Aim of the exercise
Begin with the line below holding "The continuous webbing" and go on through the line holding "Дом с панорамными", duplicating each line exactly and leaving out pictures.
BEGIN Provided information
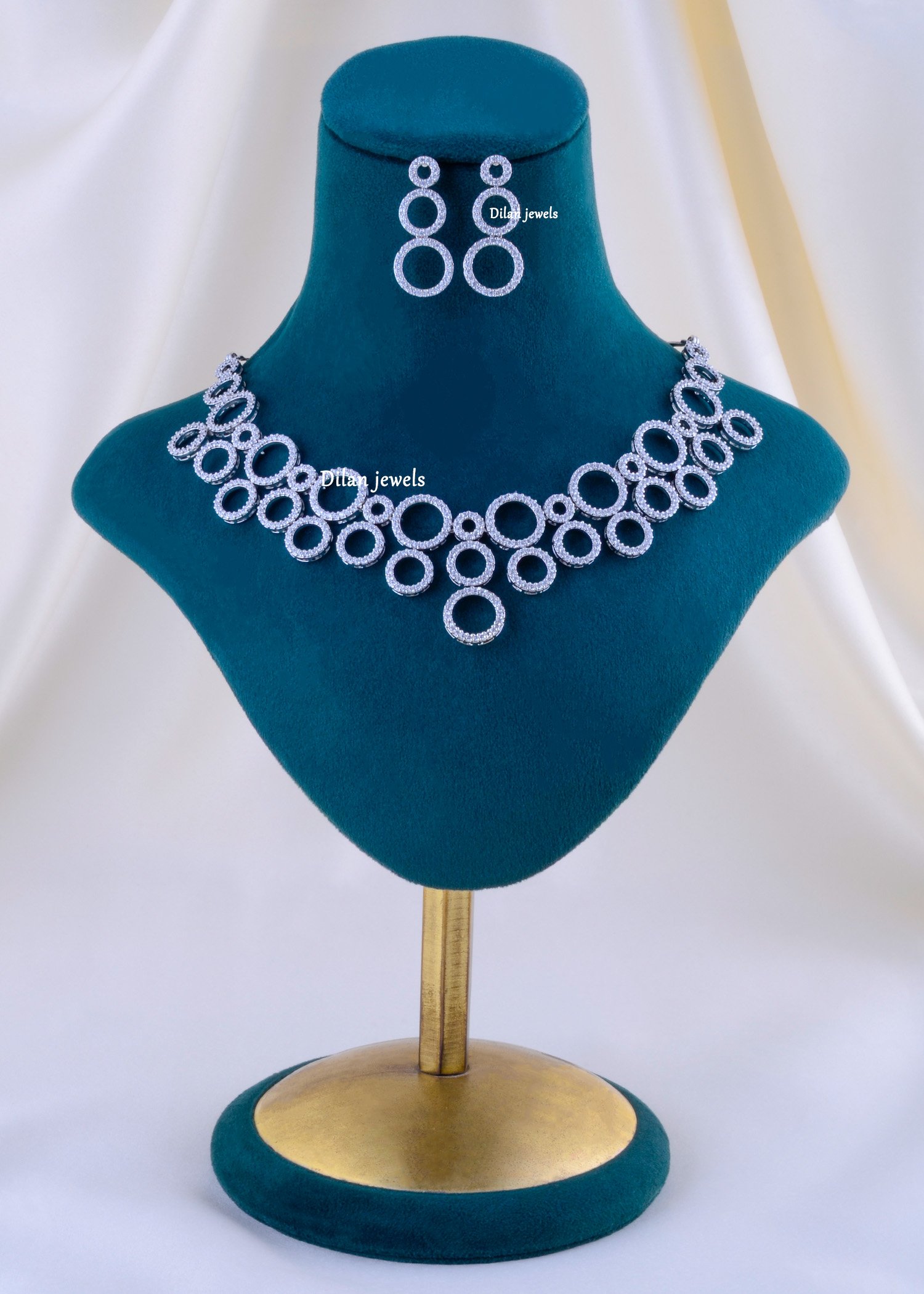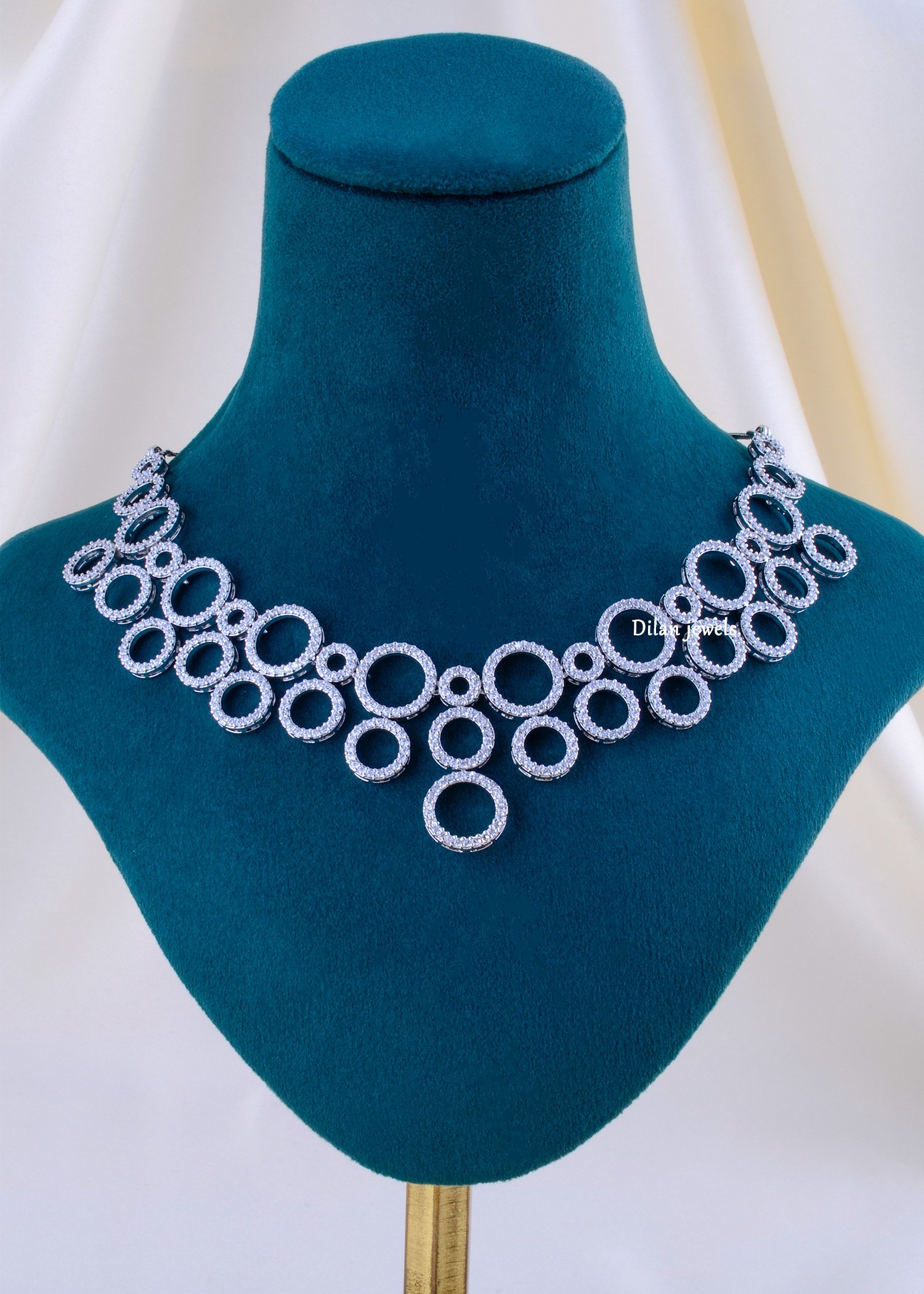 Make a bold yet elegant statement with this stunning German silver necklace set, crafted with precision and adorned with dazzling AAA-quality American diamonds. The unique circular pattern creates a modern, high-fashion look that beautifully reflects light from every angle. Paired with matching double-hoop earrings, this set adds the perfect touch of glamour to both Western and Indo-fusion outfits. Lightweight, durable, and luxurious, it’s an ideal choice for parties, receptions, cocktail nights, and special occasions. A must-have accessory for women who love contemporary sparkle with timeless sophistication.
END Provided information
BEGIN Provided information
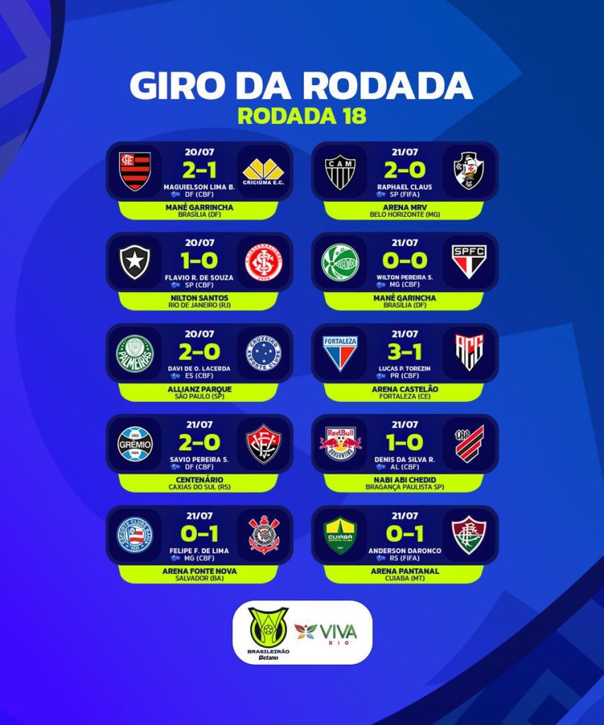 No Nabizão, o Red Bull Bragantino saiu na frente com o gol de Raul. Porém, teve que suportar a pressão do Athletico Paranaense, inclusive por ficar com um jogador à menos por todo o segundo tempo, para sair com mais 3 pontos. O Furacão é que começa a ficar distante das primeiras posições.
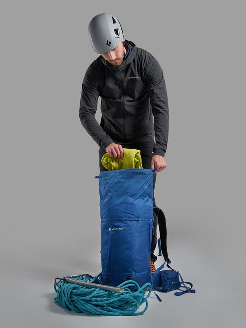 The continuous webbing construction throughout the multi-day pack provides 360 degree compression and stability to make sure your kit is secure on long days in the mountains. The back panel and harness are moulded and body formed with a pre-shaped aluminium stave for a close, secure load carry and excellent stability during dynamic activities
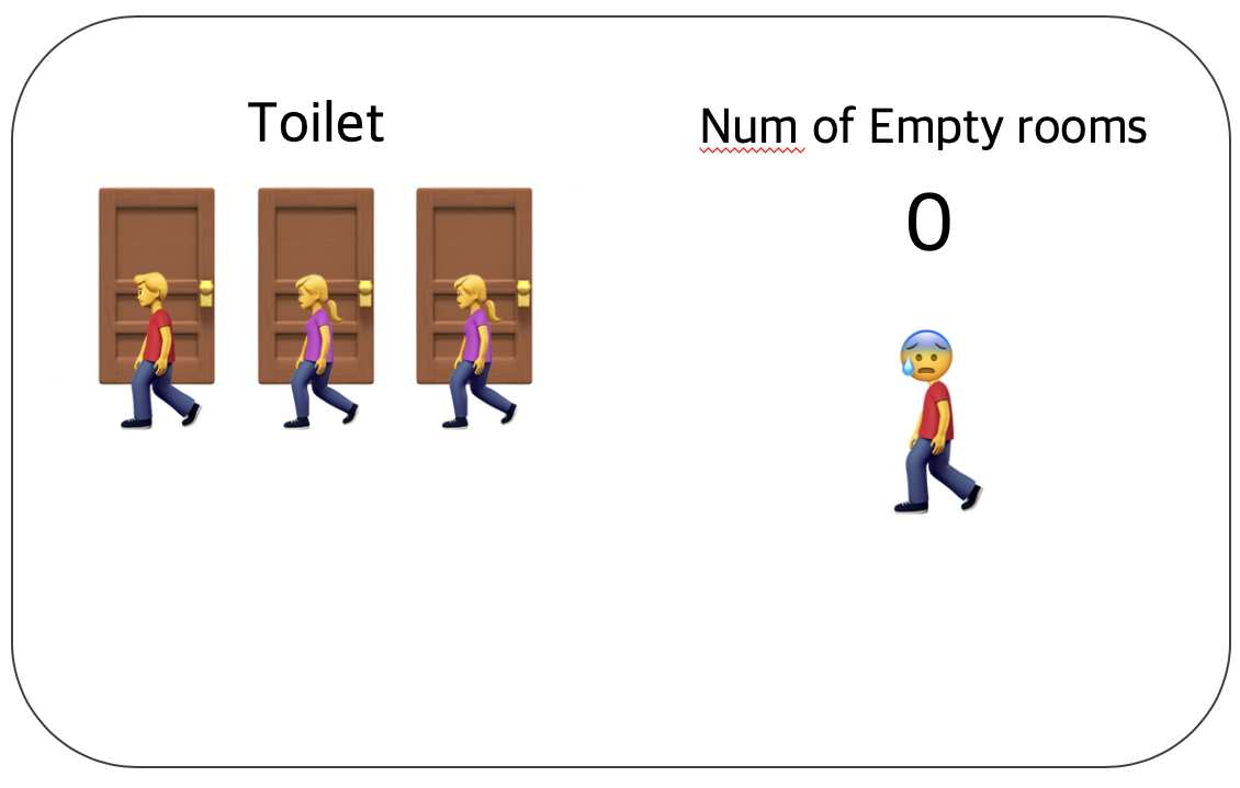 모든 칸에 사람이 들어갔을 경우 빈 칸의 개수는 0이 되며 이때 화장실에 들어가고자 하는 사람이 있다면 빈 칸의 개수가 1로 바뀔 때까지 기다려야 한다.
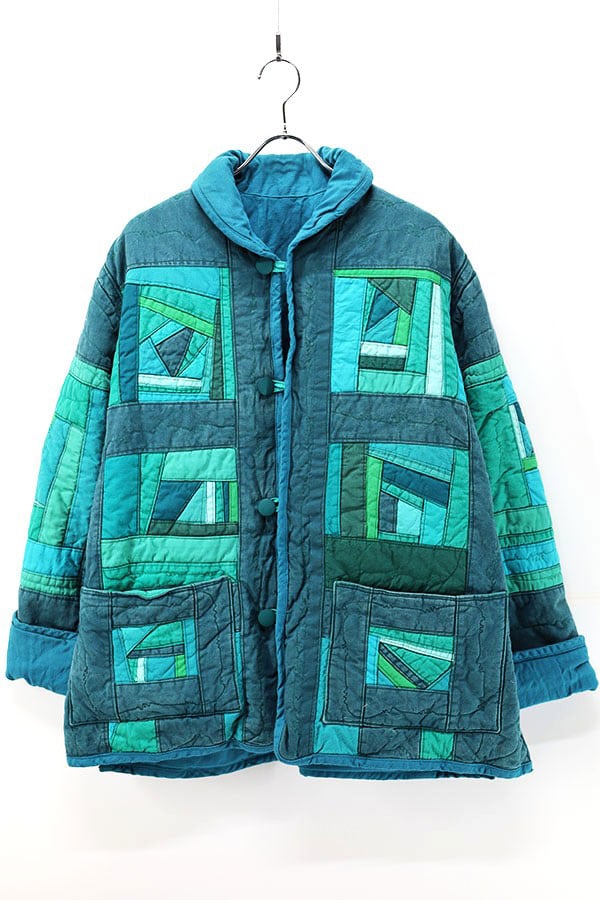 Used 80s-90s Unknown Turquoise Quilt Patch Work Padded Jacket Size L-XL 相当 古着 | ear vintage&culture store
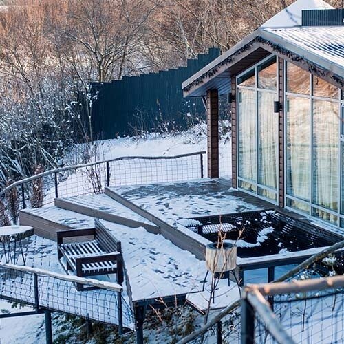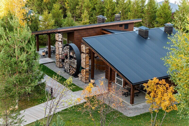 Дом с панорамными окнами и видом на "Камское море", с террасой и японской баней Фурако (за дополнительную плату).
END Provided information
Your response
 The continuous webbing construction throughout the multi-day pack provides 360 degree compression and stability to make sure your kit is secure on long days in the mountains. The back panel and harness are moulded and body formed with a pre-shaped aluminium stave for a close, secure load carry and excellent stability during dynamic activities
 모든 칸에 사람이 들어갔을 경우 빈 칸의 개수는 0이 되며 이때 화장실에 들어가고자 하는 사람이 있다면 빈 칸의 개수가 1로 바뀔 때까지 기다려야 한다.
 Used 80s-90s Unknown Turquoise Quilt Patch Work Padded Jacket Size L-XL 相当 古着 | ear vintage&culture store
 Дом с панорамными окнами и видом на "Камское море", с террасой и японской баней Фурако (за дополнительную плату).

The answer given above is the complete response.